BEGIN Data provided

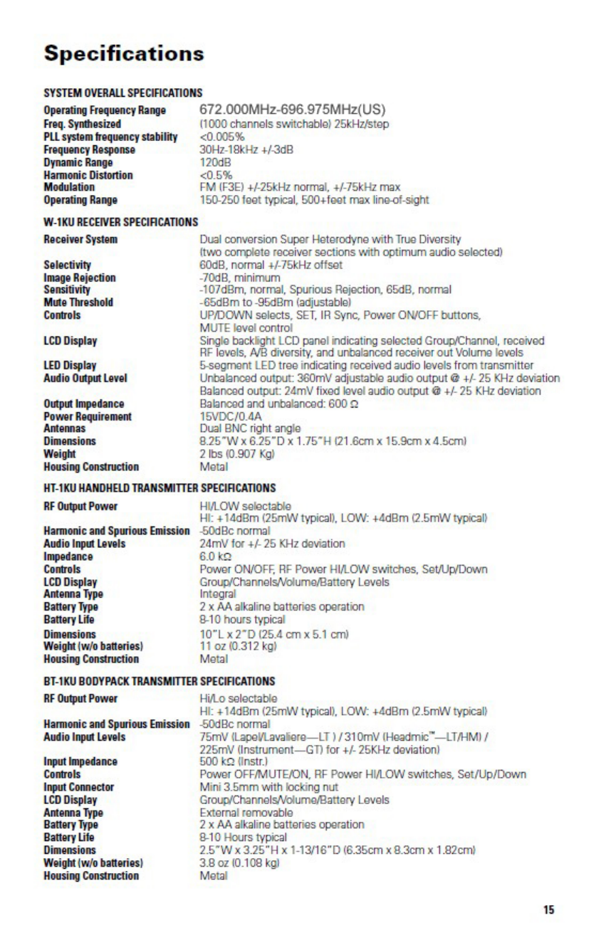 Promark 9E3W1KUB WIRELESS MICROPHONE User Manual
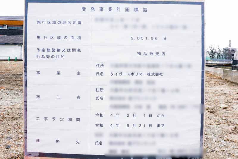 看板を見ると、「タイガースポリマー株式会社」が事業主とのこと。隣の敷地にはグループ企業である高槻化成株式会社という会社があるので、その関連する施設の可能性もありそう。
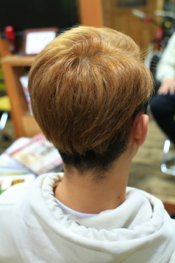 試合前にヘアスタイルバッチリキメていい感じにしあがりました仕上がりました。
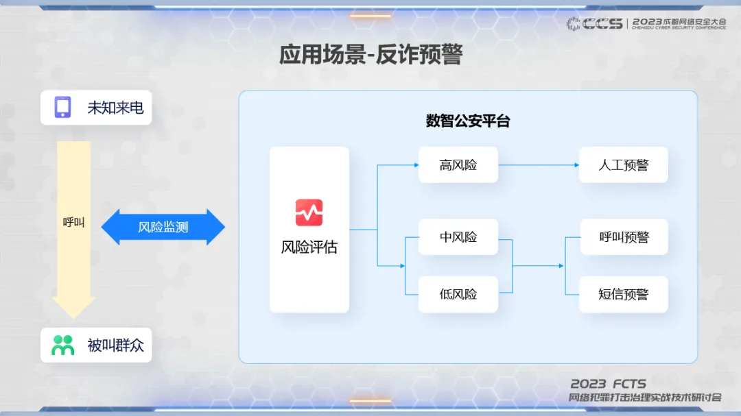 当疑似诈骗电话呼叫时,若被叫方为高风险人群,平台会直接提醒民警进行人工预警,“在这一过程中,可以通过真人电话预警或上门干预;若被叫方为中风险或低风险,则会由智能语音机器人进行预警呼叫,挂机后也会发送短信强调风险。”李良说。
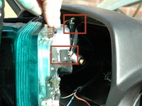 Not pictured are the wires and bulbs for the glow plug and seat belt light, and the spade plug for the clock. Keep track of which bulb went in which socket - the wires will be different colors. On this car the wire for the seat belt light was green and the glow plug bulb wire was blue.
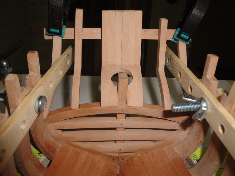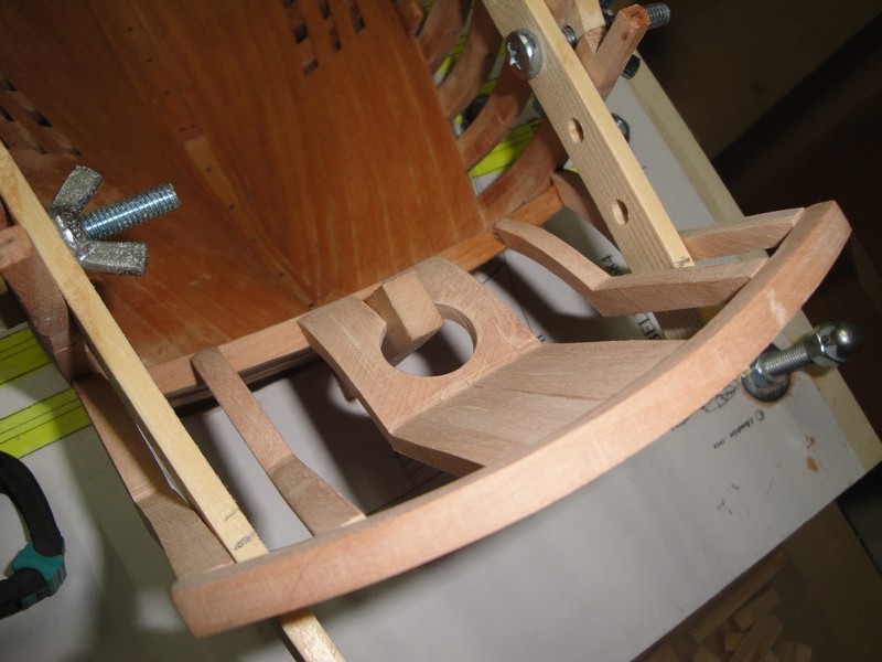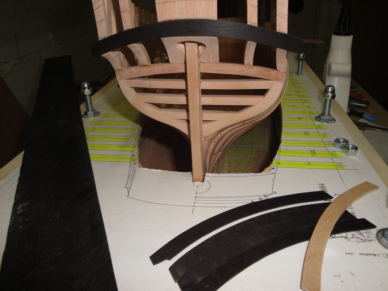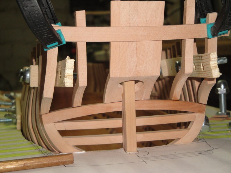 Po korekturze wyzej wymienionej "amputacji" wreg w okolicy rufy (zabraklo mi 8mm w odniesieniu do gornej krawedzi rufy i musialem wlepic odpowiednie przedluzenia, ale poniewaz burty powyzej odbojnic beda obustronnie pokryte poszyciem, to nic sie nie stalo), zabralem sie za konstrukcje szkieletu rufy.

END Data provided

• Directions for this task:
Without any pictures, retype the records above exactly.

• Your solution:
 Promark 9E3W1KUB WIRELESS MICROPHONE User Manual
 看板を見ると、「タイガースポリマー株式会社」が事業主とのこと。隣の敷地にはグループ企業である高槻化成株式会社という会社があるので、その関連する施設の可能性もありそう。
 試合前にヘアスタイルバッチリキメていい感じにしあがりました仕上がりました。
 当疑似诈骗电话呼叫时,若被叫方为高风险人群,平台会直接提醒民警进行人工预警,“在这一过程中,可以通过真人电话预警或上门干预;若被叫方为中风险或低风险,则会由智能语音机器人进行预警呼叫,挂机后也会发送短信强调风险。”李良说。
 Not pictured are the wires and bulbs for the glow plug and seat belt light, and the spade plug for the clock. Keep track of which bulb went in which socket - the wires will be different colors. On this car the wire for the seat belt light was green and the glow plug bulb wire was blue.
 Po korekturze wyzej wymienionej "amputacji" wreg w okolicy rufy (zabraklo mi 8mm w odniesieniu do gornej krawedzi rufy i musialem wlepic odpowiednie przedluzenia, ale poniewaz burty powyzej odbojnic beda obustronnie pokryte poszyciem, to nic sie nie stalo), zabralem sie za konstrukcje szkieletu rufy.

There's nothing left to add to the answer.